Stalker Heaven: Snap a Picture, Get an Identification

I’m generally someone who lives a very public existence and suggests that most people get used to that notion.  Google, however, is about to test our limits here.  They’re apparently about to introduce a mobile application comparable to their existing Goggles but instead of identifying places, it identifies people. [UPDATE:  Google denies working on such an app or at least terms it speculative.  In any instance, my observations below stand.]   Even to me, this one is creepy.  They’re already defending it by saying the default is “opt out” and that users must explicitly choose to share their pictures and information.  I have so many problems with this approach that I can’t begin to address them all.  But here are just a few:

  • “Informed consent” is only reasonable where the individual involves is making an “informed” decision.  Are people really going to read the fine print before they opt in?  Of course not.  And even if they did, is Google going to manage things in a “do you really want to do this” fashion or are they going to say “great, you agreed, let’s move on and forget about what you’ve really just done here.”  They’ll do nothing to discourage participation.
  • These things are a moving target.  Remember when you signed up for Facebook?  If it was more than a year ago, your privacy options were fairly limited then.  Only under extreme scrutiny and now the threat of governmental intervention has Facebook made its changes and defaults more open and user-friendly.
  • We’re doing things we never thought about when we signed up for a platform.  Facebook at first was about connecting with “friends” and sharing status messages.  We’re now sharing pictures and, even more  intimate, location.  I’ve only friended people on Foursquare (a location-based service) who I care to have know where I happen to be.  I’ve got over a thousand friends on Facebook, some of whom I don’t care to have know where I’ve checked in and where I happen to be.  I’ve set up a group on Facebook called “location OK” and have only included those friends whom I’m comfortable having know where I’m located, and I’ve set my privacy settings on Facebook so that Places check-ins can only be seen by members of that group?  Have you done that?  Do you know anyone else who has done that?  Probably not.  You set up your settings for a use case that may no longer be the case, and haven’t adapted.  This “creeping  incrementalism” has made it easy for you to ignore this stuff.  Managing Facebook and Google is no longer simple.
  • Deep integration.  You have no idea how much information you’re sharing across networks.  Every time you click “allow” to sign in with Facebook or Twitter, you’ve set up a data-sharing arrangement that goes well beyond what you ever intended.  Go look at your Twitter and Facebook settings and see how many people you’ve enabled to have access to your data and credentials.  I’ll bet you don’t even know what half of the things you’ve got in there are.  When I sign in like this, I change their default setting so that the approval is good for one day only.  Of course the default is “until revoked” which is polite language for saying “forever, because you’ll forget about this 10 seconds after you clicked it.”
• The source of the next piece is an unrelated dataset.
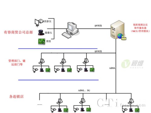 有容商貿(mào)大規(guī)模網(wǎng)絡(luò)遠(yuǎn)程會議和培訓(xùn)系統(tǒng)由服務(wù)器端和客戶端組成,服務(wù)器端軟件部署在公司中心機(jī)房,中心機(jī)房配置1臺單獨(dú)服務(wù)器,支持400個(gè)客戶端同時(shí)在線,負(fù)責(zé)所有會議和培訓(xùn)的召集、音視頻交互、加密等工作,有容商貿(mào)各部門、轄下各連鎖店通過WEB方式(包括ADSL、3G無線等多種網(wǎng)絡(luò))即可實(shí)現(xiàn)客戶端軟件的自動(dòng)安裝與升級,配備簡單的攝像頭和話筒之后就可以實(shí)現(xiàn)有容商貿(mào)以及連鎖店的大規(guī)模工作會議和高清音視頻網(wǎng)絡(luò)培訓(xùn)。網(wǎng)絡(luò)拓?fù)鋱D如下:

As I said, I could go on and on.  So what’s going to happen here.  The scariest thing is that this mess has created a situation where the government’s going to step in to help save us.  Yikes!  Grandstanding politicians.  Just what we need here.  What we really need is for someone to create a really great privacy management tool that helps us manage all the complex relationships we’ve established and manage all the information we’re sharing in an easy-to-use, coordinated, centralized fashion.  Apple and Facebook and Google and Amazon are going to fight you at every step.  That leaves you, Microsoft.  Symantec?  Cisco (who needs to boost its consumer initiatives anyhow)?

Someone tell me a legitimate use case for this software, beyond stalking.  “I should know their name but I forgot”?  “They look familiar but I’m too embarrassed to ask”?  If this were anyone but Google (or other big players), I might ignore this app.  But Google?!  Do no evil??  This will be used for evil.